Fueled by his team’s lack of effort, Bryant started dropping buckets faster than Twista’s lyrics. Pouring in pull-up jumper after pull-up jumper, deep three after deep three, and one lay-up after another, Bryant piled up 27 points in the third quarter and 28 in the fourth. He finished the half with 55 points and challenged Wilt Chamberlain’s 100 point record as he finished with 81 points on the night.

He gave Michigan fans (and the world for that matter) a night to remember as he torched Flint’s Morris Peterson and Detroit’s Jalen Rose, who were his primary defenders. After the final buzzer sounded, Bryant approached FSN sports reporter Patrick O’Neal for his post game interview still in awe of his performance with a towel around his neck. Responding to O’Neal’s question of what could he say about the 81 point game, Bryant responded with a boyish smile on his face and said: “Well you know, we wanted to win this game so bad and they jumped out to us on an early lead and my ankle was hurting me and I was a little tired but we needed to get this W so I had to push through it and I had a great performance.”

Bryant also added that: “I couldn’t have dreamed of this when I was a kid. It’s no way possible. It’s just a blessing from above to be able to play this game and more importantly get outta here with this W and that’s what really matters.”

Despite all of the attention that he did receive from this magical performance, he did get quite a bit of flack from several peers.
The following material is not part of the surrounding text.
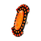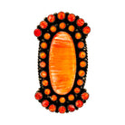 This bold and radiant ring by Navajo silversmith Devin Brown is a masterful celebration of color and craftsmanship. The elongated centerpiece features a luminous orange spiny oyster shell, framed by a halo of fiery red and orange spiny oyster cabochons. Each stone is carefully hand-set in oxidized sterling silver, creating a dramatic contrast that enhances the vivid tones of the shells. Brown’s signature attention to detail shines through in the precise silverwork and balanced composition, honoring the traditional Navajo cluster style with a contemporary flair. The ring’s elongated shape offers a striking presence, while its natural textures evoke the beauty of the Southwest landscape.

The knock on his magical evening was that he only grabbed 6 boards, handed out 2 assists, 3 steals and one block, only cementing his everlasting hateration from the sports community (Cough cough, including my friend Meat from Western Michigan University, who is hands down the biggest Kobe hater…I’m sure there’s one in every town).

Besides my friend Meat, Vince Carter stated that he didn’t think  Kobe “is setting the right example for kids out there.” The great Michael Jordan also said that he wouldn’t have allowed Kobe’s 81 points to happen without fouling out.

Through all the hate, Kobe reached a zone that no has come close to reaching in this decade. Shooting 60.9 percent, he connected on 28 of his 46 field goal attempts in 42 minutes of action. He also dropped 7 of his 13 three-point attempts and 18 of his 20 free throws.

When the NBA produced a short documentary on the night for an episode of “Real NBA,” he spoke in descriptive fashion on how that night felt.

“When you get in that zone, it’s just a supreme confidence that you know it’s going in. Things just slow down, everything just slows down and you just have supreme confidence,” Bryant added. “When that happens, you really do not try to focus on what’s going on because you can lose it in a second. Everything becomes one noise, you don’t hear this or that. Everything is just one going thing.”

I am proud to say that I can tell my kids one day that I witnessed Kobe Bryant pour in 81 points!